The app currently doesn't show anything, it just sample images from the camera and does its magic in the background. It's time to add some visuals to it. In order to do that we need to create an OpenGL view, set it up and render the camera view and additional augmented content. We have created some helper class to help you set up the rendering process. To use them, first  copy the content of the folder <pikkart_sample_dir>/sample/classes/rendering/ of our sample package into the group folder <your_Xcode_project_root>/MyARApplication/ExtraRendering/.   Copy also texture.png and  monkey.json files from <pikkart_sample_dir>/sample/media.bundle into the group folder <your_Xcode_project_root>/MyARApplication/ExtraRendering/. You will find new Swift classes and files .m in your app project as in the following image:

Also copy the media.bundle from <pikkart_sample_dir>/sample/.
In order to rendering in an OpenGL View, we have subclass our PKTCameraController from GLKViewController. In this way, our view controller already have an open gl animation loop where we can draw our 3D objects. In ViewController.swift , we override  glkView(view: GLKView, drawInRect rect: CGRect) method called from GLKit animation loop renderer:

//MARK: GLView rendering callback 
override func glkView(view: GLKView, drawInRect rect: CGRect) { 
if (!self.isActive()) { return } 
glClear(GLbitfield(GL_COLOR_BUFFER_BIT | GL_DEPTH_BUFFER_BIT)); 
self.RenderCameraWithViewPortSize(CGSize(width: _ViewportWidth, height: _ViewportHeight), andAngle: Int32(_Angle)) 
// Call our native function to render content 
var mvpMatrix:[Float] = [0,0,0,0,0,0,0,0,0,0,0,0,0,0,0,0]; 
if (self.computeModelViewProjectionMatrix(mvpMatrix)) 
{ 
_monkeyMesh!.DrawMesh(&mvpMatrix)
RenderUtils.checkGLError() 
} 
glFinish();
}

In our implementation we have added a couple of support function such as internal func computeModelViewProjectionMatrix(mvpMatrix:[Float]) -> Bool that computes the model-view-projection matrix that will be used by the OpenGL renderer starting from the projection and marker attitude/position matrices obtained from Pikkart's AR SDK.

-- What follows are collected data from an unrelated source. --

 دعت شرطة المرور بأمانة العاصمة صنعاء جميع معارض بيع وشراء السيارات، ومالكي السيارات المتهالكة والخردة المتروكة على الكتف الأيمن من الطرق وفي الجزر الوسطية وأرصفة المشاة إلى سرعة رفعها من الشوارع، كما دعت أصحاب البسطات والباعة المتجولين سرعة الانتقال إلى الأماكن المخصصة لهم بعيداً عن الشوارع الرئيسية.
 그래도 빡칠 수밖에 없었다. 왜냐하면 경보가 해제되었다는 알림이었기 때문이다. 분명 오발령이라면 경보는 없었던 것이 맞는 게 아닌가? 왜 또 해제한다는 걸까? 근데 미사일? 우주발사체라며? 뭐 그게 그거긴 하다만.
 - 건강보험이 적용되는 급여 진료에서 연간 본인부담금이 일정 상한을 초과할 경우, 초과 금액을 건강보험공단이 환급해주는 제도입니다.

We make use of 3 important static functions of the our PKTCameraController class:

  • public func getCurrentProjectionMatrix(matrixPointer: UnsafeMutablePointer< UnsafeMutablePointer<Float>>)
  • public func getCurrentModelViewMatrix(matrixPointer: UnsafeMutablePointer<Float>>)
  • public func isTracking() -> Bool

Other important functions are:

  • public func getCurrentMarker() -> PKTMarker!
  • public func RenderCameraWithViewPortSize(viewPortSize: CGSize, andAngle angle: Int32)

The first return the currently tracked Marker. The Marker class contains information about the tracked image, more importantly its associated custom data (this will be explained in the next tutorial). The RenderCameraWithViewPortSize function render the last processed camera image, it's the function that enables the app to render the actual camera view, this function must be called inside your OpenGL context rendering cycle.